Does Wizardry 4 DOS have the same broken RNG? If so, how does it affect the difficulty of that version, in comparison to the Apple 2 and PlayStation (Classic, not Arrange) versions of the game? I've beaten the PSX version, and escaped the dungeon in the Apple 2 version, and managed to trigger a really strange bug that seemed to corrupt monster stats.

For what I noticed on Apple 2 Wizardry 4, once the bug would be triggered, affecting Greater Demons:
* The demons would breathe (something they don't normally do), doing 0 damage to the enemies.
* The demons would die to missed attacks. That is, an enemy attacks the demon, misses, but yet the demon is killed anyway. (This is strong evidence that these demons have 0 HP, as that's the only way I can see a miss being fatal.)
* The demons would call for help as normal.
* However, if a demon that came to help breathes, then all the enemies die. Unfortunately, I can't see any damage amounts, because the game doesn't give damage amounts for fatal breath attacks, but it must be high, as even stronger enemies die from full health if this happens.

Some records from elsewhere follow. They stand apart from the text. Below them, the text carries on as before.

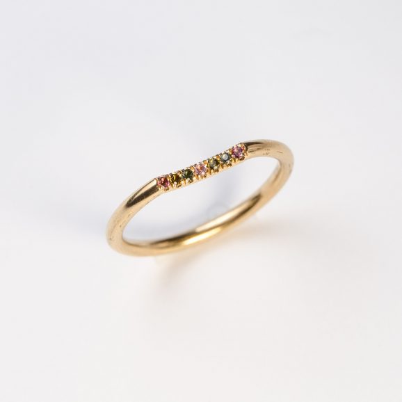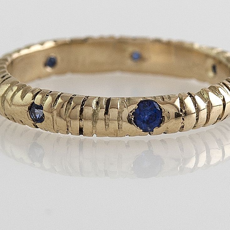 טבעת זהב 18 קראט עם טקסטורה עבודת יד ושיבוץ ספירים כחולים בגדלים שונים
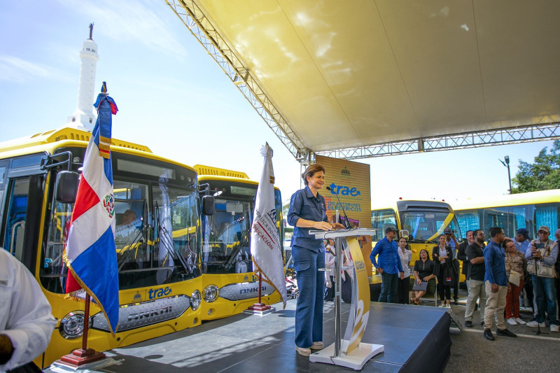 La vicepresidenta Raquel Peña encabezó ayer el acto de entrega de 150 autobuses, que serán parte del Sistema Nacional de Transporte Estudiantil (TRAE), para brindar servicios en diferentes rutas escolares de la provincia Santiago.
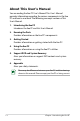 About This User’s Manual Notes for This Manual Safety Precautions Preparing Your Eee PC 1 Introducing the Eee PC
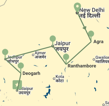 Delhi | Agra | Ranthambore | Jaipur | Jodhpur | Deogarh | Udaipur
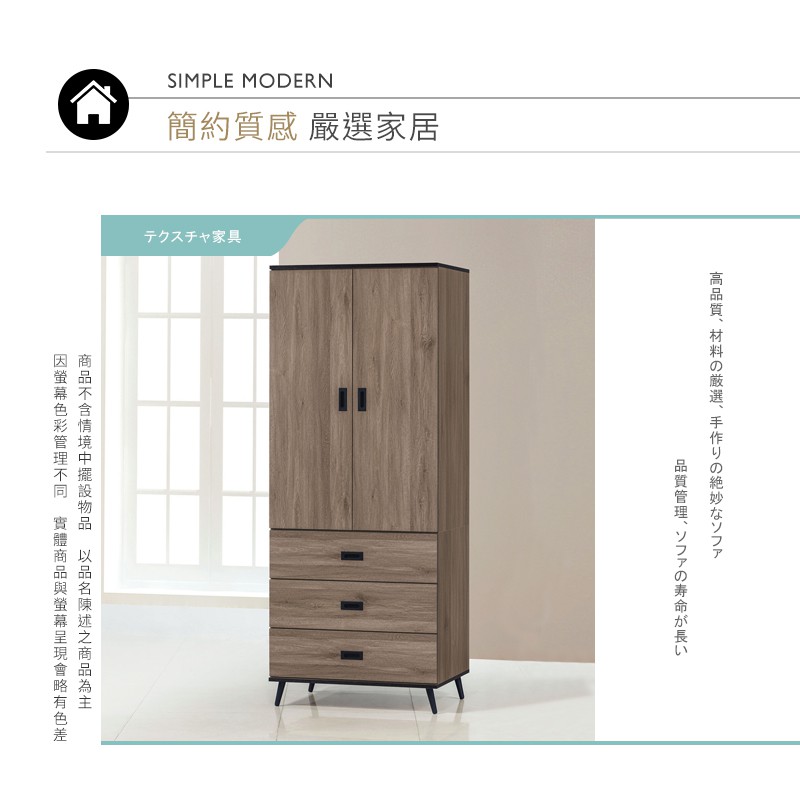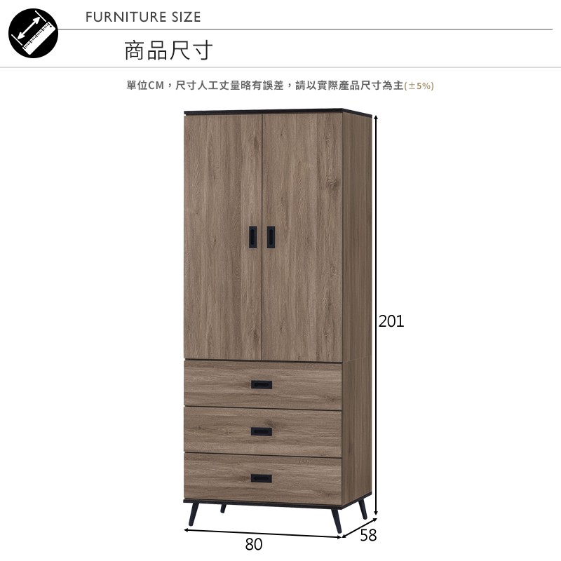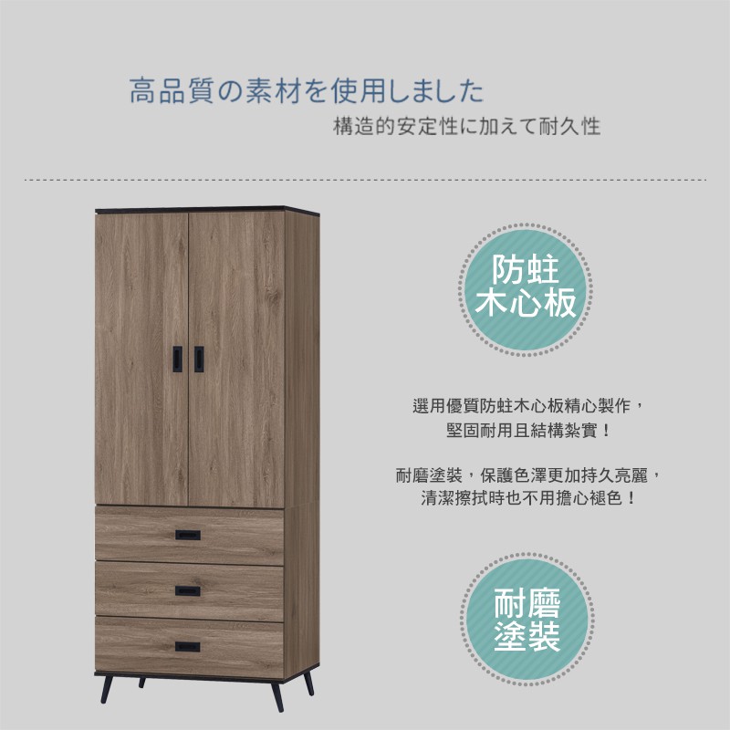 Boden-溫森2.7尺工業風二門三抽衣櫃
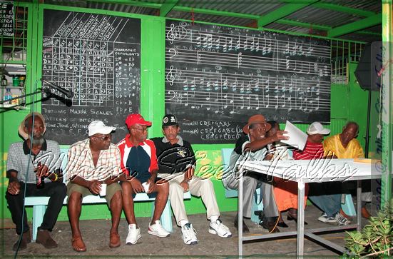Pan Elders during the history discourse at Renegades pan yard
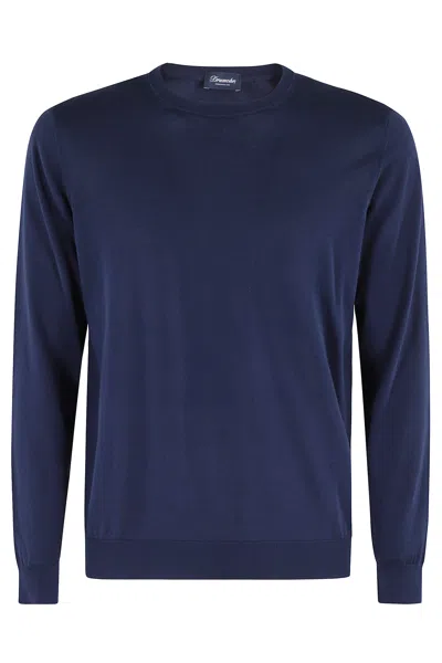DRUMOHR Smooth Knit Blue Sweater With Ribbed Cuffs

(By the way, for Wizardry 1 DOS, I've also heard of young characters dying of old age.)
Worth noting that, in the Sega Saturn version:
* You can encounter 2 groups on the first floor (this means the possibility of 2 murphy's ghosts), and 3 on the second floor (so you might be fighting 18 creeping coins)
* The Ring of Death lowers your HP as you walk just by holding it (OUCH!) (Since my Bishop was hit with BADI on the fight I decided to keep, I just gave them this ring; can't be killed by this ring if you're already dead!)

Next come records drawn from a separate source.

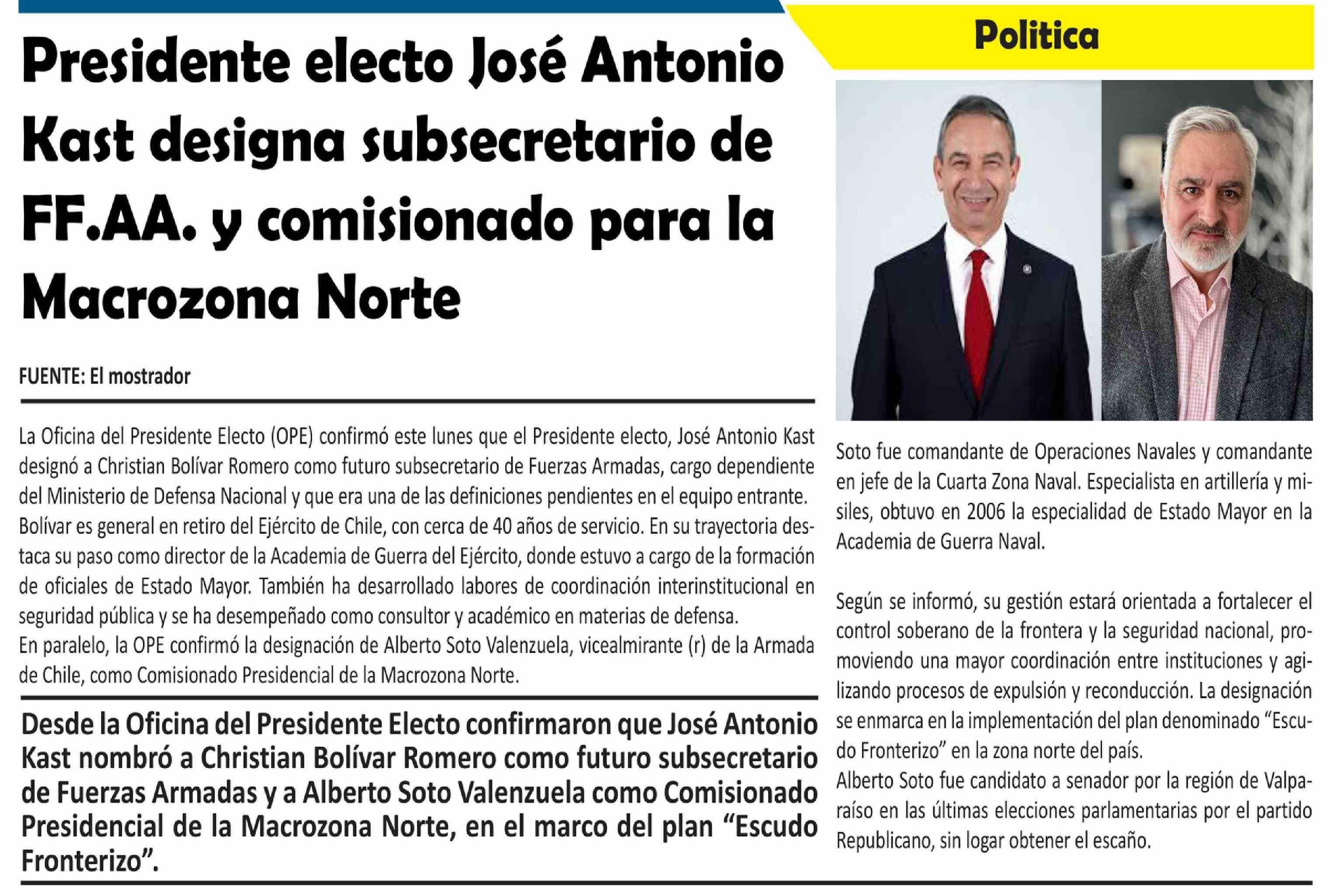 Presidente electo José Antonio Kast designa subsecretario de FF.AA. y comisionado para la Macrozona Norte 25-02-2026 El Longino |
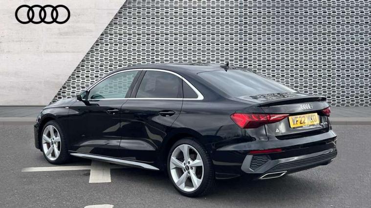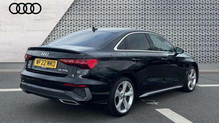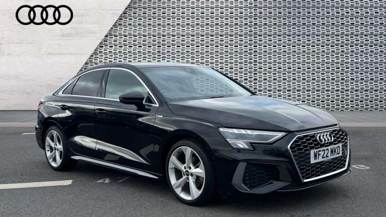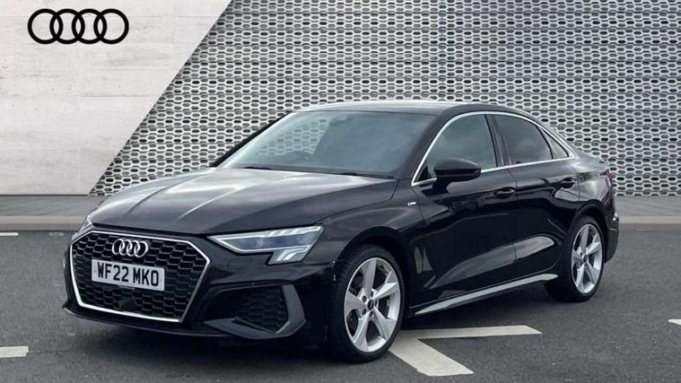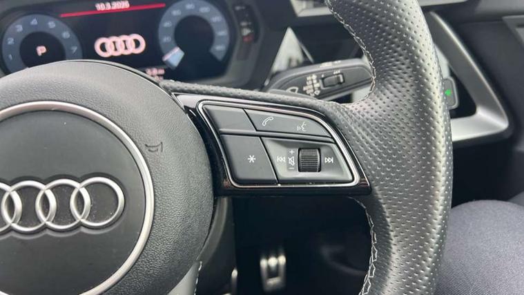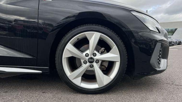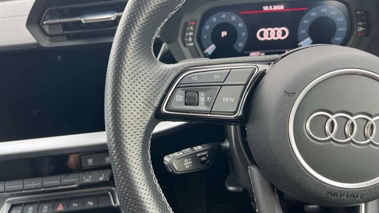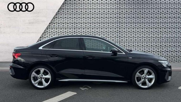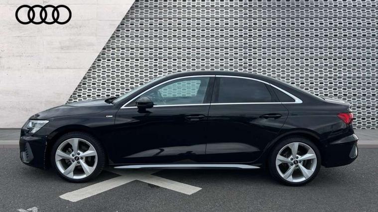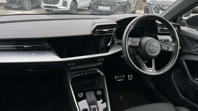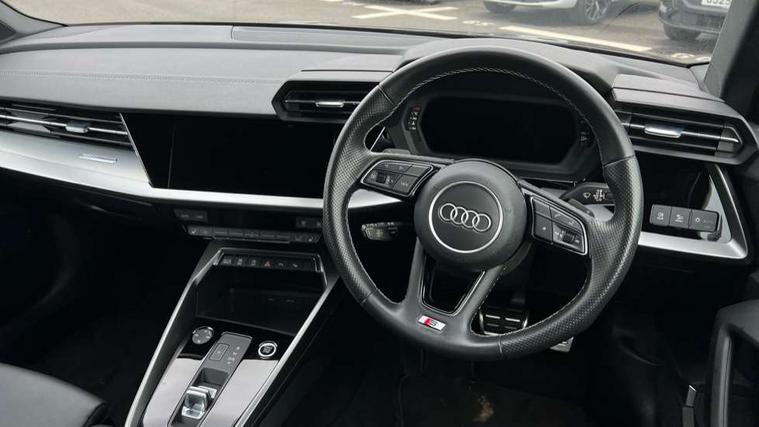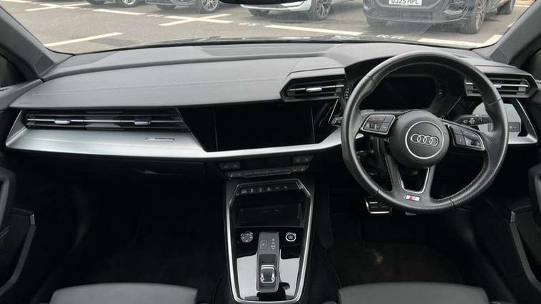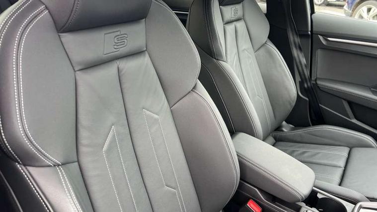 Audi connect emergency call and service, Audi drive select (Auto, Comfort, Dynamic, Efficiency and Individual), Audi smartphone interface, Audi Virtual Cockpit - 10.25" digital and colour instrument cluster, Automatic start/stop system with recuperation, Bluetooth interface, Collision avoidance assistant, Electromechanical power speed sensitive steering, Lane departure warning system, MMI Navigation Plus with high resolution 10.1" colour touch screen display, Service indicator, Voice control system with natural language interaction, 2x USB Type C ports (for charging and data transfer), 6 passive loudspeakers, CD player, DAB Digital radio, 3rd brake light, Acoustic glass windscreen, Aluminium window trim, Auto dimming frameless rear view mirror, Electrically adjustable/heated/folding/auto dimming door mirrors with integrated LED indications + kerb view function for passenger side, Front electric windows, Illuminated door sills with aluminium inserts at the front with S logo, LED daytime running lights, LED headlights with LED rear lights and dynamic rear indicators, Light and rain sensors, Model and engine designation badges at rear, Privacy glass - dark tinted rear window, rear door and side windows, Rear electric windows, S line bumpers, S roof spoiler, 12V socket and storage compartment in front centre console, 40/20/40 split folding rear seat bench with cupholder, Black cloth headlining, Dual zone electronic climate control, Front and rear centre armrest in leather, Front and rear headrests, Front/rear floor mats, Height and reach adjustable steering wheel, Interior lighting - glove compartment light and right hand side, Luggage compartment floor covering, Manual boot compartment lid, Manually adjustable front sport seats, Seat side bolsters, Stainless steel pedals and front footrest in black, Twin leather upholstery with front sports seats S embossed logo, Aluminium interior elements pack - A3, S line styling pack - A3 Saloon, 3x3 point rear seat belts, Driver and front passenger airbag with passenger airbag deactivation, Electronic Stabilisation Control (ESC) including ABS, ASR and EDL, First aid kit with warning triangle and 2 safety vests, Front side airbags with head airbags and interaction airbag, Hill hold assist, Pre-sense front with pedestrian and cyclist detection, Seatbelt monitoring, Tyre pressure loss indicator, Anti theft alarm, Anti-theft wheel bolts, Electronically operated child lock, Immobiliser, Remote control central locking, Aluminium air vent surrounds, Aluminium trim elements, Dark spectrum aluminium inlays, accent surfaces in the dashboard and centre console in platinum grey silk effect paint finish,
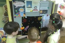 Космос всегда был и остается сегодня одной из наиболее волнующих человечество загадок. Его глубинные дали неустанно влекут к себе исследователей всех поколений, звездное небо завораживает своей красотой, а звезды издревне были верными проводниками для путешественников. В рамках темы с детьми старший группы, воспитательАхметшина З.З, провела беседу о космонавтах и космосе. Дети рассмотрели фотографии с изображением космоса. Свои впечатления о увиденном дети нарисовали, это космические корабли и планеты солнечной системы.

* MAKANITO does not ignore spell resistance in this version; as a result, it is not that good against giants. (Used on a group of 5 Earth Giants, and only 1 of them was affected, as the rest resisted it.)

In comparison to other versions:
* On the NES version, and other versions based on it (including the GBC version), you can only encounter 1 monster group on the first floor, and 2 on the second.
* Unlike HP regen items, the Ring of Death would only lower your HP if you actually equipped it (but it's cursed, so you can't easily get it off!). The GBC version, on the other hand, works like the Sega Saturn version, where simply holding it is deadly.
* Makanito ignores resistance in most other versions. It also only displays one "Perish" or "Survive" message per group, rather than for each individual enemy. I note that the Sega Saturn version behaves more like Wizardry 4's version (although, in Wizardry 4, if an enemy casts this spell before a certain point, it's a game over regardless, to the point where I'd argue you haven't really played Wizardry 4 if you haven't died to this at least once).